Moving from UK to Germany? Here's What Happens to Your Salary
Germany is the most popular destination for British expats in continental Europe. But the salary shock is real: the same gross income leaves you with significantly less in Germany than in the UK. Here's exactly what to expect.
The headline numbers
| Gross (both countries) | UK net (£→€) | Germany net (€) | You lose |
|---|---|---|---|
| €40,000 | €33,300 | €27,900 | -€5,400/yr |
| €50,000 | €39,500 | €33,100 | -€6,400/yr |
| €60,000 | €45,400 | €37,700 | -€7,700/yr |
| €75,000 | €54,700 | €46,200 | -€8,500/yr |
| €100,000 | €67,500 | €56,100 | -€11,400/yr |
At €60,000, you'd take home about €640 less per month in Germany. That's a significant lifestyle change.
Calculate your exact numbers
Why Germany takes so much more
Social insurance is the big difference.
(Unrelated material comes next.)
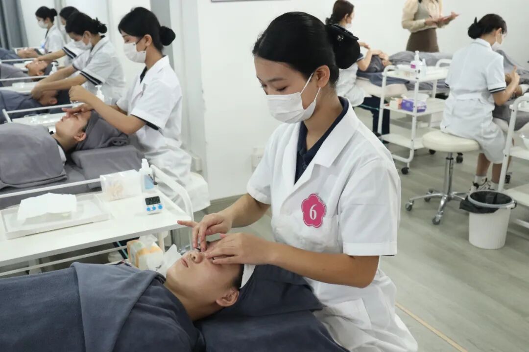 本专业采用“校企双元、岗课赛证”一体化培养,以差异化产教融合为核心竞争力,对接头部美容连锁品牌、皮肤管理中心及美妆企业等优质资源。校企共同制定人才培养方案,将真实项目与岗位标准融入课程,并建设校内仿真实训基地,配备智能美容仪器与产品陈列区,支持学生完成客户接待、项目实操、营销策划等全流程模拟。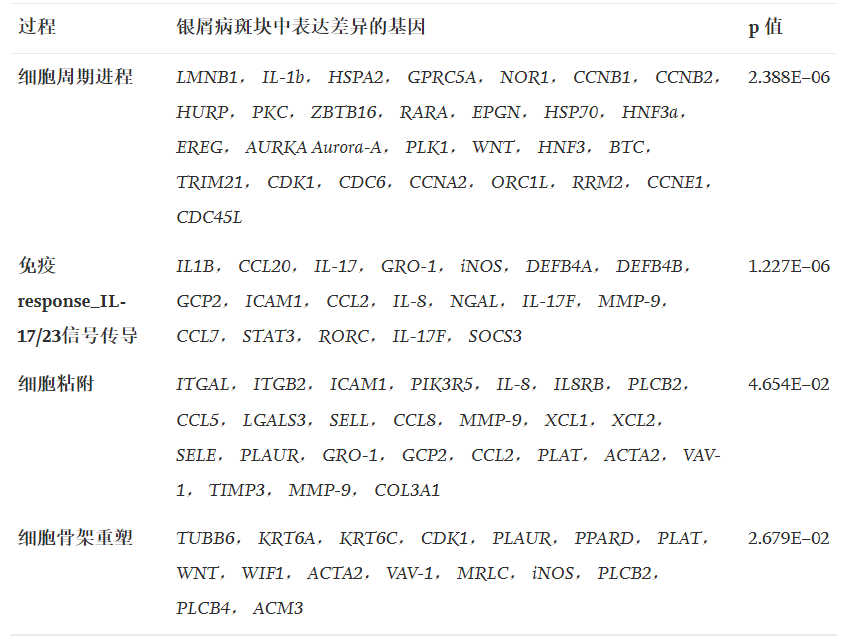 表1.顶级FRA1介导的过程,对银屑病很重要(用GSE78023的表达数据丰富MetaCore途径数据库)。

In the UK, you pay 8% National Insurance (above £12,570) and 2% above £50,270. In Germany, social insurance totals about 20% of your gross: pension (9.3%), health (~8.75%), unemployment (1.3%), and care (1.8-2.4%). This alone accounts for most of the gap.
Income tax is also higher. Germany's rate climbs steeply from 14% to 42% on income between €12,348 and €69,878. The UK's basic rate (20%) applies all the way up to £50,270, which is far more generous.
Church tax adds insult to injury. If you register as Catholic or Protestant (which happens automatically if you were baptized and tell the registration office), you'll pay an extra 8-9% on top of your income tax. Opt out during Anmeldung if this doesn't apply to you.
What you get for the extra tax
Germany's higher deductions aren't money thrown away. You're getting:
- Pension: Germany's state pension is significantly more generous than the UK's. Your contributions build real retirement income.
- Healthcare: Comprehensive public health insurance with no £20+ prescription charges, no waiting lists for most specialists, and no NHS rationing.
- Unemployment insurance: If you lose your job, you receive 60% of your net salary (67% with children) for up to 12 months.
- Parental leave: Up to 14 months at 65% of net salary (capped at €1,800/month).
Tips to maximize your German net salary
- Tax class: If you're married and your spouse doesn't work, Class 3 saves thousands per year.
- Church tax: If you're not religious, decline church membership at the Bürgeramt. Saves 8-9% on your income tax.
- Commuter allowance: Claim €0.30-0.38/km for your commute on your tax return.
- Tax return: File one! The average German tax refund is over €1,000. Use an English-friendly tool like Taxfix or SteuerGo.
Cost of living comparison
Here's where Germany fights back. Rent in Berlin, Munich, or Frankfurt is significantly cheaper than London (Munich being the exception). A quick comparison for a 1-bedroom apartment:
- London Zone 2: £1,500-2,000/month (€1,750-2,350)
- Berlin central: €900-1,300/month
- Munich central: €1,400-1,800/month
- Frankfurt central: €1,000-1,500/month
If you're moving London → Berlin, the €640/month salary reduction is partially offset by €500-800/month in rent savings.